Calibration lets you improve the performance of a model by updating the value of configuration parameters. You can calibrate a model with a reference dataset of observations and an optional intervention policy representing historical events that occur during the time period of the reference dataset.

This operation essentially takes prior distribution over the parameters (your knowledge of the world at the first timepoint) and infers posterior distributions over the same, representing the best estimate of the state of the world again but conditioned on data.

Calibrate operator

In a workflow, the Calibrate operator takes a model configuration, a dataset, and optional interventions as inputs. It outputs a calibrated model configuration.

Tip

At least one parameter in the configuration must be defined as a uniform distribution and the dataset must have a column named "Timestamp" with values 0, 1, 2, ... indexing all the timepoints.

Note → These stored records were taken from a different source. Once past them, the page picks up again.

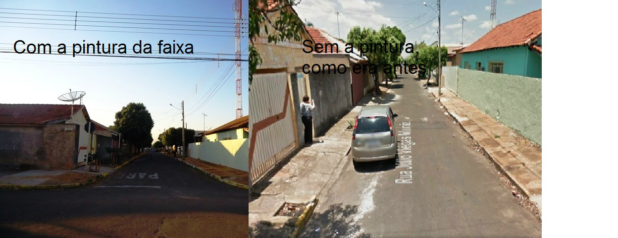 “Estamos com uma dúvida difícil e ser esclarecida. O porquê somente a nossa viela teve esta guia pintada proibindo de nós mesmos estacionarmos nossos carros na frente da própria casa.
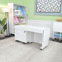 Kangaroo & Joey is a signature full-size sewing cabinet by Kangaroo Sewing Furniture featuring a 3-position hydraulic lift, an expansive worksurface for large quilting projects, and a rolling storage caddy (Joey Storage Cabinet) for dynamic sewing and crafting storage! Kangaroo & Joey sits on heavy-duty casters for easy mobility and increased stability, and features a collapsible quilt leaf to keep large quilting projects from falling to the floor! Kangaroo & Joey is the perfect addition to your growing sewing studio!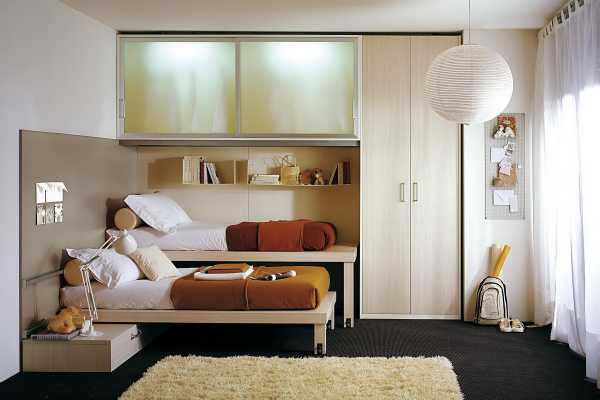 Популярным с точки зрения экономии места в комнате является размещение двухъярусной кровати. Одной из разновидностей двухъярусных кроватей является кровать с выдвижным спальным местом. Такой вариант идеально впишется в комнату с низкими потолками. А чтобы малыши не ссорились, предложите им периодически меняться местами.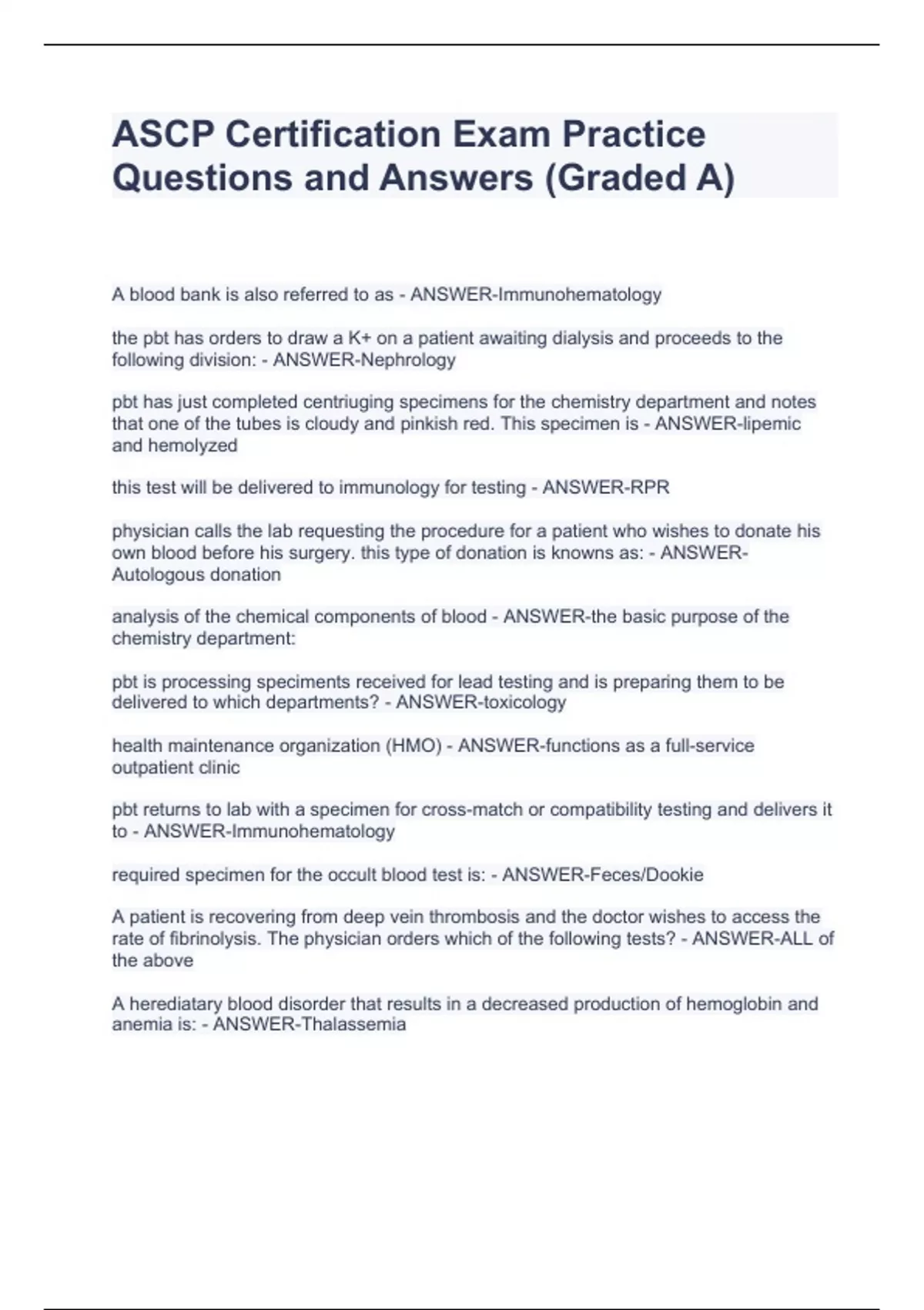 ASCP Certification Exam Practice Questions and Answers (Graded A) ASCP Certification Exam Practice Questions and Answers (Graded A) ASCP Certification Exam Practice Questions and Answers (Graded A) A blood bank is also referred to as - ANSWER-Immunohematology the pbt has orders to draw a K+ on a patient awaiting dialysis and proceeds to the following division: - ANSWER-Nephrology pbt has just completed centriuging specimens for the chemistry department and notes that one of the tubes is cloudy and pinkish red. This specimen is - ANSWER-lipemic and hemolyzed this test will be delivered to immunology for testing - ANSWER-RPR physician calls the lab requesting the procedure for a patient who wishes to donate his own blood before his surgery. this type of donation is knowns as: - ANSWER-Autologous donation analysis of the chemical components of blood - ANSWER-the basic purpose of the chemistry department: pbt is processing speciments received for lead testing and is preparing them to be delivered to which departments? - ANSWER-toxicology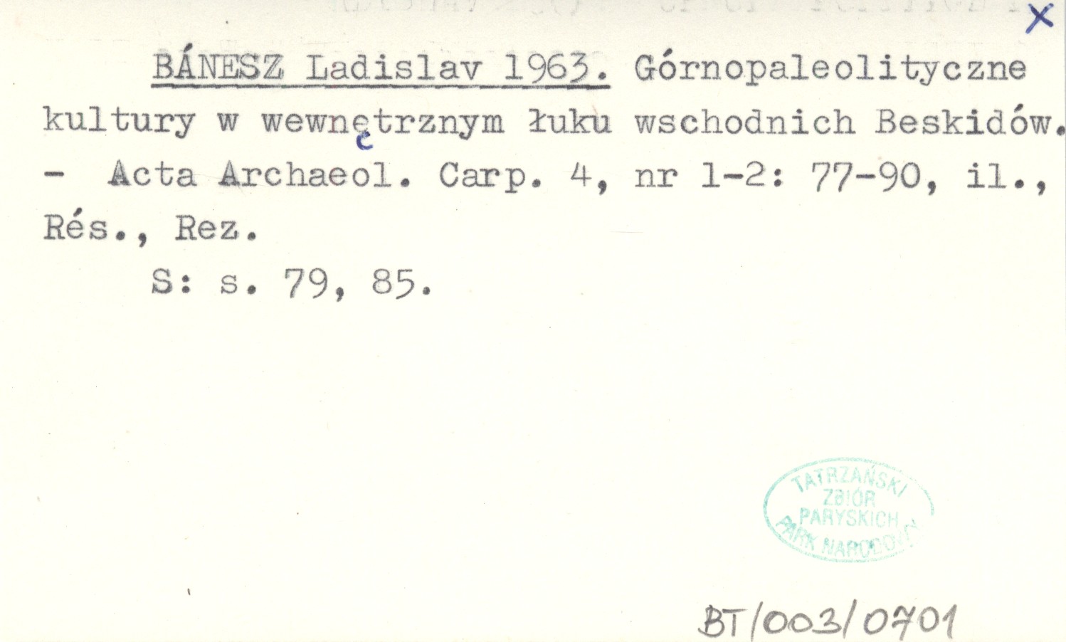BÁNESZ Ladislav 1963 Górnopaleolityczne kultury w wewnętrznym łuku wschodnich Beskidów.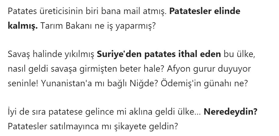 Savaş halinde yıkılmış Suriye'den patates ithal eden bu ülke, nasıl geldi savaşa girmişten beter hale? Afyon gurur duyuyor seninle! Yunanistan'a mı bağlı Niğde? Ödemiş'in günahı ne?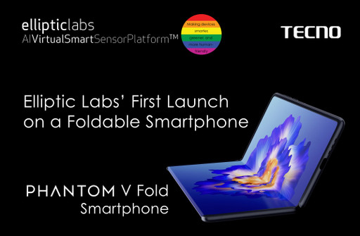 Oslo, Norway — Elliptic Labs (OSE: ELABS), a global AI software company and the world leader in AI Virtual Smart Sensors™, has launched the AI Virtual Proximity Sensor™ INNER BEAUTY® on the Transsion flagship Tecno Phantom V Fold smartphone, Elliptic Labs’ first foldable phone launch. The Tecno Phantom V Fold is being launched for the global market. Elliptic Labs’ partner MediaTek is driving the Tecno Phantom V Fold with its premium Dimensity 9000+ chipset. The contract for this launch was previously announced by Elliptic Labs.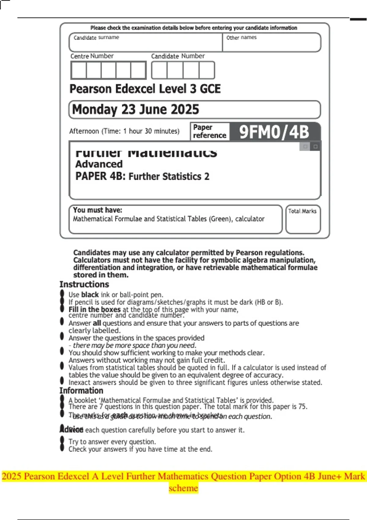 2025 Pearson Edexcel A Level Further Mathematics Question Paper Option 4B June+ Mark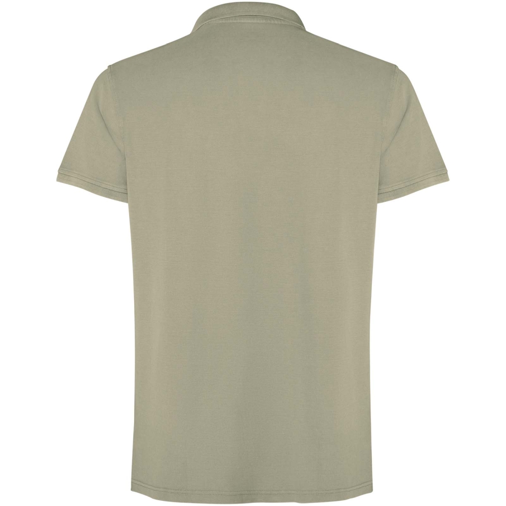 Unisex polokošile s krátkým rukávem. Sepraný vzhled. Žebrovaný límec a manžety 1 × 1 s bočními otvory. Krycí steh v tónu látky. Zapínání na tři knoflíky.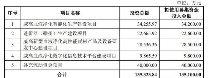 因此为了寻求更多突破,威高血净也正在将“智能化”作为重要解决路径之一。从募资用途来看,本次冲刺上市,威高血净计划募资13.51亿元。其中与智能化、信息化相关的项目建设投入占比达33%。招股书显示,威高血净计划将募资金额中的3.42亿元用于威高血液净化智能化生产建设项目,9800万元用于威高血液净化数字化信息技术平台建设项目。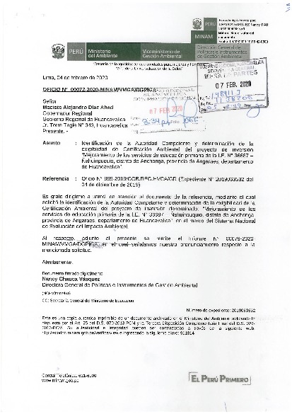 Identificación de la Autoridad Competente y determinación de la exigibilidad de Certificación Ambiental del proyecto de inversión “Mejoramiento de los servicios de educación primaria de la I.E. N° 36687 – Ñahuinpuquio, distrito de Anchonga, provincia de A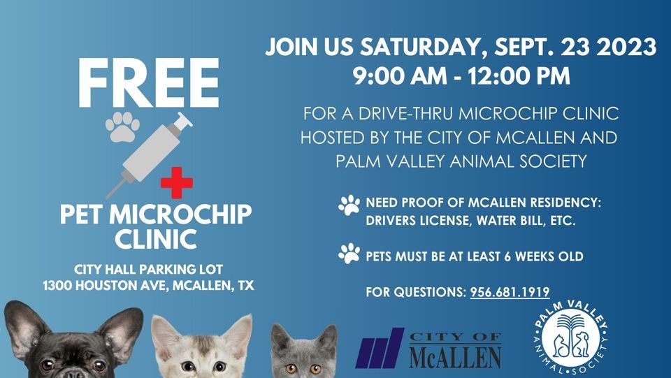 Calling all McAllen residents! The City of McAllen is inviting all pet owners in McAllen to a FREE drive-thru microchip clinic on Saturday, September 23rd from 9:00am - 12:00pm.

Once you've completed the calibration, the thumbnail preview shows the results charts.

How it works: PyCIEMSS

  • Inputs


    • Model configuration
    • Dataset
    • Interventions (optional)
  • Outputs


    Calibrated model configuration

Add a Calibrate operator to a workflow
  • Do one of the following actions:

    • On an operator that outputs a model configuration, click Link > Calibrate.
    • Right-click anywhere on the workflow graph, select Simulation > Calibrate, and then connect a model configuration and a dataset to the Calibrate input.

Calibrate a model

The Calibrate operator allows you to define how to:

Open a Calibrate operator
  1. Make sure you've connected a model configuration and a dataset to the Calibrate operator.
  2. Click Open.

Map dataset columns and model variables

To begin, map the observed data (such as number of cases) to the corresponding model states (such as detected cases).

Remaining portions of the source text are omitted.